What Is "EMR" and Why Should Employees Care?

April 24, 2017

EMR graphic

"EMR" stands for the "Experience Modification Rate" and is a number used by worker compensation insurers to determine the premium price for a company. Additionally -- and this is where employees might want to take notice -- a company's EMR is often requested during contract bidding. If a company's EMR is too high (over 1.0), they will be unable to bid or will be at a significant disadvantage against companies that have EMRs less than 1.0. No bidding means fewer contracts, resulting in less work, and ultimately fewer employees.

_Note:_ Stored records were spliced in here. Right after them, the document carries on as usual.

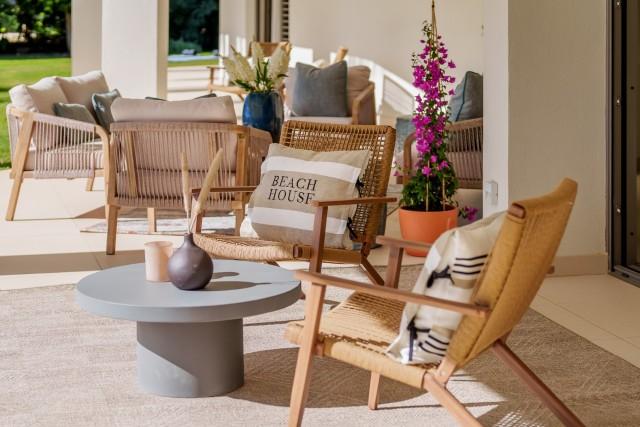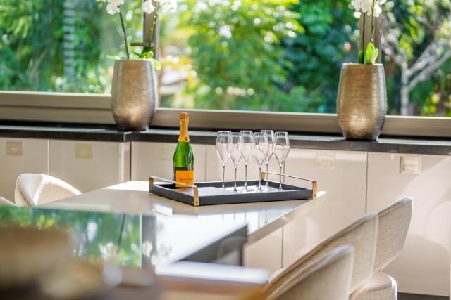 The villa features a wraparound covered terrace, perfect for year-round outdoor living. Inside, the home boasts an entrance hall with garden, a lounge opening onto the terrace and garden, a stunning open-plan professional kitchen with a large central island and 2 dining areas.
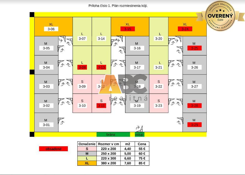 cez 2,7m vysokú rolovaciu bránu. Samostatné kóje sú vysoké 2,5m.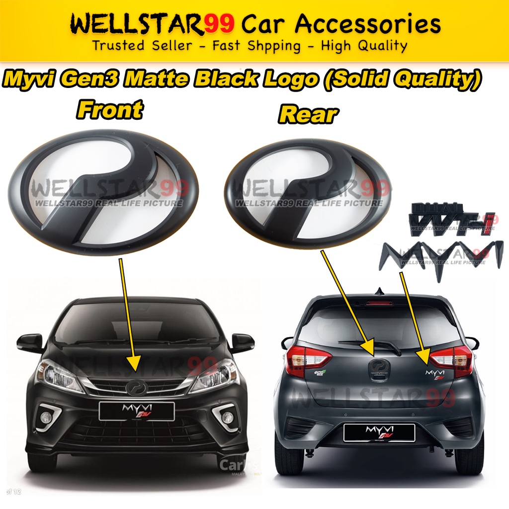 New Perodua Myvi 2018 To 2020 Matte Black Vvt Myvi Front And Rear Logo Aaa Quality 1pcs Logo Hitam 黑色 Logo Shopee Malaysia
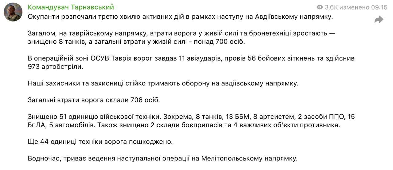 14.05 Армия РФ начала третью волну штурма под Авдеевкой, сообщает командующий Тарнавский.

Calculating Insurance Premiums

A company's insurance premium is calculated by applying a base rate to each $100 of payroll in any given class code. Base rates are set by the insurance company and reflect the inherent risk in that job classification. As an example, the base rate for roofers is higher than that for office clerks because the risk of injury and the severity of most injuries sustained by roofers is greater than for clerks. After the base rate has been applied to the payroll, the entire premium is modified by the EMR.

Calculating the EMR

To calculate the EMR that the insurance company applies to the premium, the National Council on Compensation Insurance (NCCI) compares your claims of injury to those from companies in similar occupations. Some states have separate ratings calculated by state specific rating bureaus, but NCCI calculates the ratings for most states. If your claims are higher or more severe than those of other companies of similar size and operations, your EMR will be higher and you will pay an elevated premium. If they are less, the company will pay a reduced premium. Rates are higher if you have many small injuries than if you have one severe injury. Having many injuries usually indicates an inadequate safety culture and will usually lead to a severe injury. Keep in mind that the EMR is a 3-year average, so any injury claim will affect the company EMR for that period of time.

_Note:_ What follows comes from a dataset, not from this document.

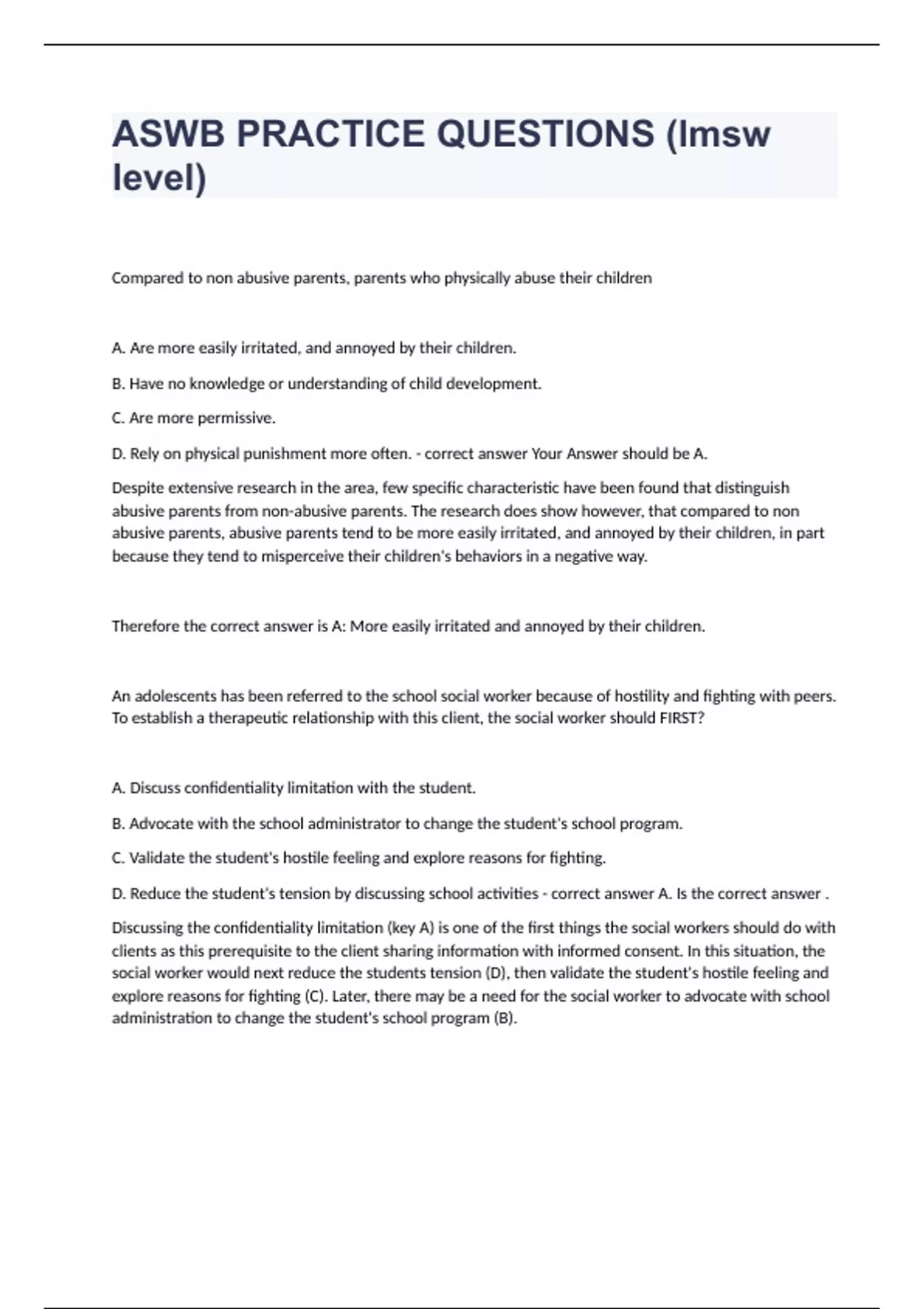 ASWB PRACTICE QUESTIONS (lmsw level)

What to Do to Stay Competitive

Staying competitive requires commitment and action by both company management and employees.

  • Companies need to verify that their employees are placed in the correct job classifications for what they actually do.
  • Management needs to institute a strong safety culture from the top down.
  • Employees need to pay attention to company expectations and their surroundings so they are not injured on the job.

Important Note to Employees

If you sustain an injury, follow the rules on reporting to minimize your pain and suffering and to maximize your opportunity for a speedy return to work.

Questions?

If you have questions about this information or need assistance for your company, facility, or project, please feel free to contact us.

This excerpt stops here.